Freedom Foundation has filed an “friend of the court” brief on behalf of itself and client Joseph Johnson in Hoekman v. Education Minnesota, an important case in the U.S. Court of Appeals for the Eighth Circuit.
The case concerns the scope of the Supreme Court’s landmark decision in Janus v. AFSCME.
Imagine you started a new job and were informed by your employer the law required a certain amount of your pay deducted and given to a third-party employee representation organization whose values and tactics you abhorred. Still, you were told you could either become a member and pay full dues or opt out of membership but still pay an “agency fee” amounting to about 95 percent of you were paying to start with.
If this hypothetical was presented in any context other than a public labor union, we’d call this “choice” what it very plainly was — a shakedown.
Luckily for those who chose not to join, the U.S. Supreme Court in 2018 affirmed in Janus v. AFSCME that unions could no longer take nonmembers money without their consent. The ruling also specified that by agreeing to give money to a public labor union, workers are waiving their First Amendment right against compelled speech.
But the situation for those who “chose” to join is more complicated.
Since Janus, public unions and their government allies have pivoted to arguing that union membership agreements or dues authorizations entered into before the Janus case was decided are effectively waivers of the employees’ First Amendment rights.
The argument somehow ignores the fact that these employees had no real choice at the time they signed because the unions would have taken their money without their consent anyway.
In its brief, Freedom Foundation argues that Janus protects the First Amendment rights of members just as much as non-members.
Most importantly, a deduction process that is entirely controlled by unions, which have a direct interest in seeing the money continue to flow no matter what, is inherently unconstitutional. Rather than employers confirming their own employees have waived their First Amendment rights, or putting processes in place to make sure no money is taken from their paychecks unless they’ve already done so, the unions get to decide.

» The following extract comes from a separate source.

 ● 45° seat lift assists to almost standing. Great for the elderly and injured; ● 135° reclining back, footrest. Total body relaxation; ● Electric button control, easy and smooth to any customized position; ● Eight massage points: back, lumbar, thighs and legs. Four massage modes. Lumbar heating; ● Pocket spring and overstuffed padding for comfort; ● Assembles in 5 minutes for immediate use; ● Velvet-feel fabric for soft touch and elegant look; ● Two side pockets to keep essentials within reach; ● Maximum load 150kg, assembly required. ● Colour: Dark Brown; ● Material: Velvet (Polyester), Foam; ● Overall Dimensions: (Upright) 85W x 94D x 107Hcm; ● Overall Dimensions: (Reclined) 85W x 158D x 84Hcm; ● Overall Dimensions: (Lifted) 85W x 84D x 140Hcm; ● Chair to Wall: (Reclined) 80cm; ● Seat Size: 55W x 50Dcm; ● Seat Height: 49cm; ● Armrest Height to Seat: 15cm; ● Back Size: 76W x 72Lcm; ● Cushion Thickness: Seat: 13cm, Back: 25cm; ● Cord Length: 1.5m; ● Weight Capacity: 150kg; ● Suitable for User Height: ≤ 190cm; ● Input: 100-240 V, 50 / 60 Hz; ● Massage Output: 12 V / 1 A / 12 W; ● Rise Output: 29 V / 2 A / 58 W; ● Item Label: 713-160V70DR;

The First Amendment forbids such a backward and unfair scheme.
There are also specific requirements that make a waiver of constitutional rights, like the right against compelled speech, valid.
Judges are not supposed to simply assume a supposed waiver of rights is valid. Instead, they’re supposed to consider the evidence for the waiver and decide whether or not someone actually intended to do so.

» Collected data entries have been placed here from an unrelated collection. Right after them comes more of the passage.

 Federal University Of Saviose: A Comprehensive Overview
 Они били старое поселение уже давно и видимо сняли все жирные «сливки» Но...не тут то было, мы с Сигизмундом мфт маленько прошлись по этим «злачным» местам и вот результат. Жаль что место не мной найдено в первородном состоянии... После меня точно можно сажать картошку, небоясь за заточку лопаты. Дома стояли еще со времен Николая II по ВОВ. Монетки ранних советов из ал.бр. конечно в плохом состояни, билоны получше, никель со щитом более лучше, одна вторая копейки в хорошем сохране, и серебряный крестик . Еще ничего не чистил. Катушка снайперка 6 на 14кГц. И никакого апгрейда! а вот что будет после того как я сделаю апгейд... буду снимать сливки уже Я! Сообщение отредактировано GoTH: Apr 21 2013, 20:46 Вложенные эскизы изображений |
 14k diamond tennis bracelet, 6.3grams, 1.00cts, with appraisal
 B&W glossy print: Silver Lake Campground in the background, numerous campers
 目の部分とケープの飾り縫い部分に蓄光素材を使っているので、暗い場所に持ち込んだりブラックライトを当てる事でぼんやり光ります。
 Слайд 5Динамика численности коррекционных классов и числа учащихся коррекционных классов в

This means investigating whether someone actually knew they were waiving their rights, whether they did so freely and whether their waiver was current. Unions change their political messaging all the time. Just because you consented once doesn’t mean you consent forever.

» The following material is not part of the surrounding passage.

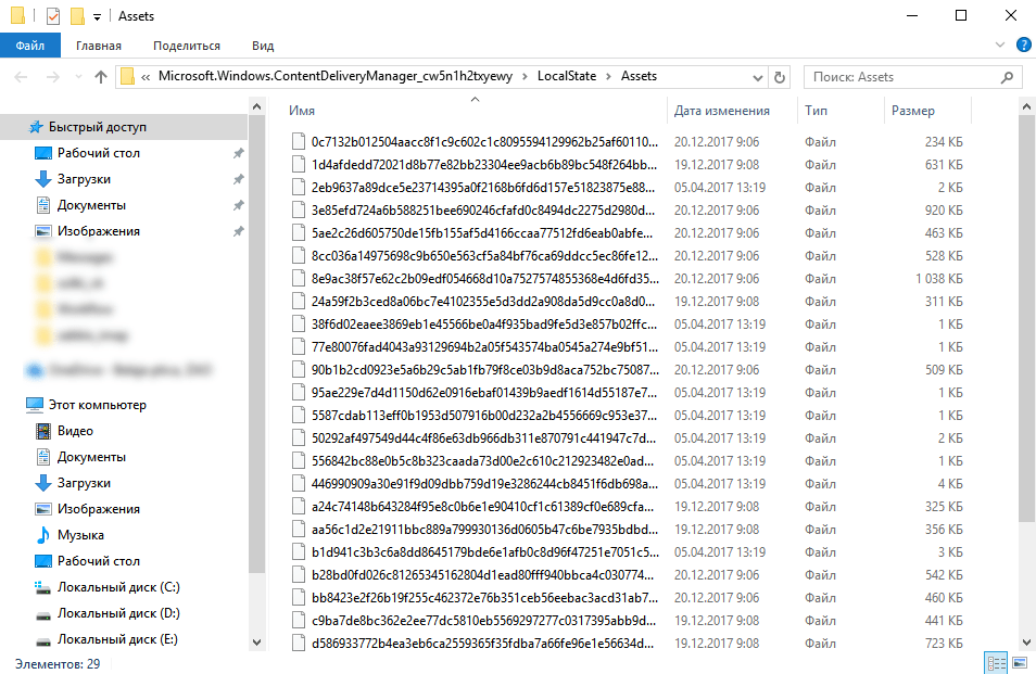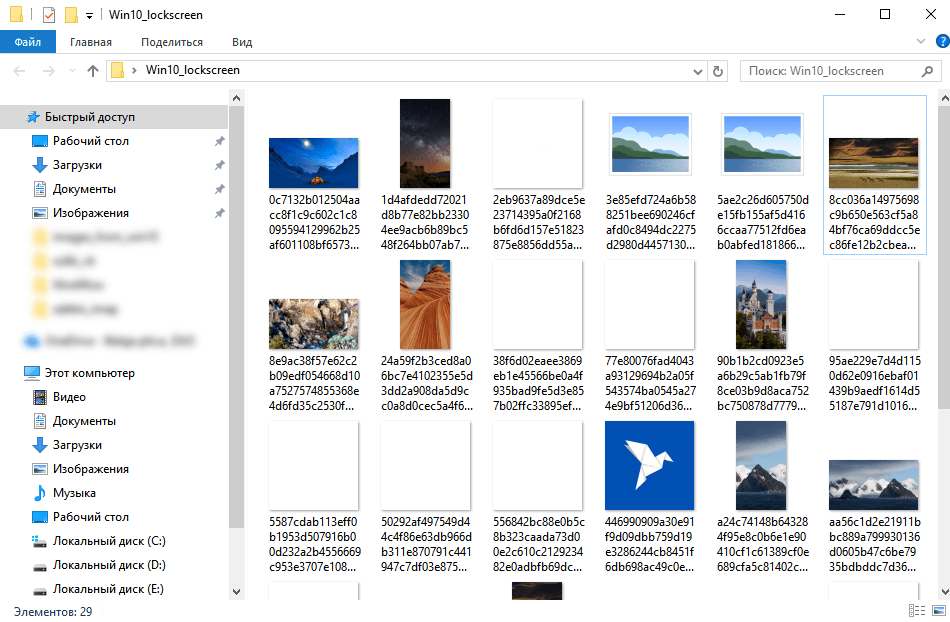 Вот тут и есть наши картинки. Они без «расширения». Чтобы ничего не поломать тут, необходимо выделить все файлы и скопировать в любой другой каталог. Например создать на рабочем столе папку с названием «win10_lockscreen» и скопировать туда все эти файлы.

The Hoekman case has implications for the entire country. Sides are being taken and battlelines being drawn. Public-sector unions and their government allies will stop at nothing in order to see the Janus decision gutted and rendered a dead letter.
Unless we stop them.
Rest assured that wherever such actions occur, the Freedom Foundation will be there to fight back for the First Amendment rights of all public-sector workers across the United States.